My routine is simple and takes a total of 4hrs. I leave the rest of time to
other unplanned things that come up.

Been attempting to follow the routine for a couple weeks. As a result I have
noticed these changes:

* Consistent reading habit.

* Haven’t even thought about watching TV for more than a week.

* Had lunches and dinners on time.

* Slept by 10:30pm

* Have not refreshed HN frontpage every hour (I have forgotten about HN for an entire day sometimes).

If anyone is interested, I have details about my routine and the reason behind
my simple routine - [http://hashnuke.com/gtd-
workflow-2.html](http://hashnuke.com/gtd-workflow-2.html)

------
tomxor
I've come across "Pomodoro" many times over the years but one thing has always
prevented me from bothering to consider it: when "in the mode" 20 mins or 30
mins or some other arbitrary length of time just isn't long enough... If
you've ever been "in the mode" you might know what I mean.

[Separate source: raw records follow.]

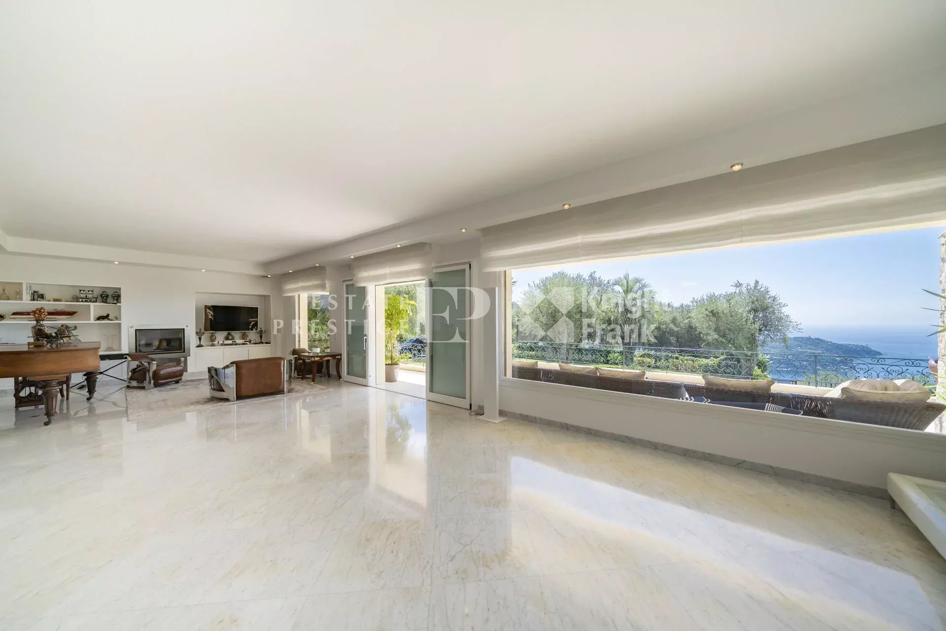 Située à Villefranche-sur-Mer, cette villa de style hispano-mauresque offre une vue panoramique exceptionnelle sur le Cap-Ferrat, la rade de Villefranche et le Mont-Boron. Implantée sur un terrain arboré de 1 583 m² comprenant oliviers, palmiers et agrumes, la propriété dispose d’environ 400 m² habitables sur trois niveaux, orientés plein sud, avec près de 170 m² de terrasses.
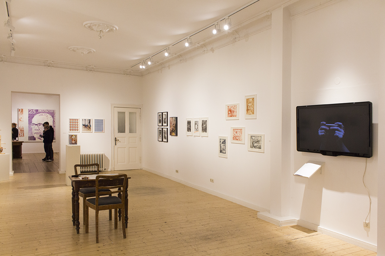 Maßgeblich für die Auseinandersetzung mit Deutschland ist die Beschäftigung mit der Geschichte der Nation. Bis heute müssen wir diskutieren ob durch das Erstarken nationalistischer Tendenzen und des Rechtspopulismus demokratische Errungenschaften gegenwärtig in Gefahr zu geraten drohen, darüber hinaus jährt sich 2019 die Verkündigung des Grundgesetztes als provisorische Verfassung der alten Bundesrepublik zum 70. Mal und auch die jüngere Deutsch-Deutsche Geschichte, der Fall der Mauer, spielt in vielen Biografien der beteiligten Künstlern eine wichtige Rolle. So ist es nicht verwunderlich das sich Künstler in dieser Mappe mit diesen historischen Kontexten auseinander setzen. So zeigt Philip Topolovac eine, durch die Hitze des brennenden Berlins während des 2. Weltkrieges, geschmolzene Glasflasche oder Das Zentrum für Politische Schönheit die Arbeit Scholl 2017, Johannes Albers Briefmarkenbögen von Gustav Heinemann, welcher der erste Minister des Inneren unter Konrad Adenauer 1949 wurde und Gabriele Stötzer ihr Portrait aus Ihrer Stasiakte.
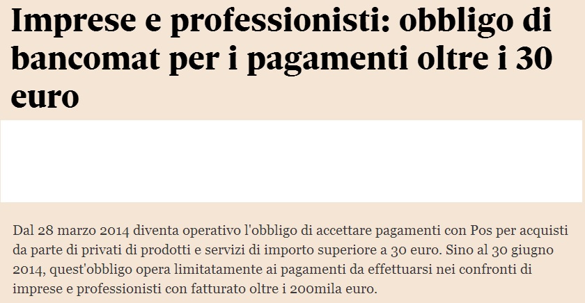 “…Sarà ufficialmente in vigore a partire dal 28 marzo 2014 l’obbligo di pagare con sistemi di tracciabilità le spese per commercialisti, dentisti, avvocati e liberi professionisti in generale.

However, I get stuck just like everyone else, and I think "getting stuck" is
the problem Pomodoro is _really_ trying to solve, but to me it feels
unnatural. My own method of getting unstuck is:

1\. First consciously "notice" deviation (being susceptible to 30sec check of
HN or whatever), I tend to start deviating because I have found a natural
break or because I am stuck (deviating in quick succession). Either way I
should make it a proper break, go make a cup of tea and leave the computer,
think about where I am. Recognising this is not as easy as you might think at
first.

2\. If this is a repeat occurrence within some short period of time then I am
stuck... noticing this is important because rather than just grinding away
harder, it is likely a change strategy is needed in order to get back into
"the mode". There is no silver bullet here, but I have a few tricks, for
coding in general i find that moving to work on different areas or levels of
abstraction help prune the decision tree higher up which can get you out of a
little local minima with too many decisions that are grinding you to a halt.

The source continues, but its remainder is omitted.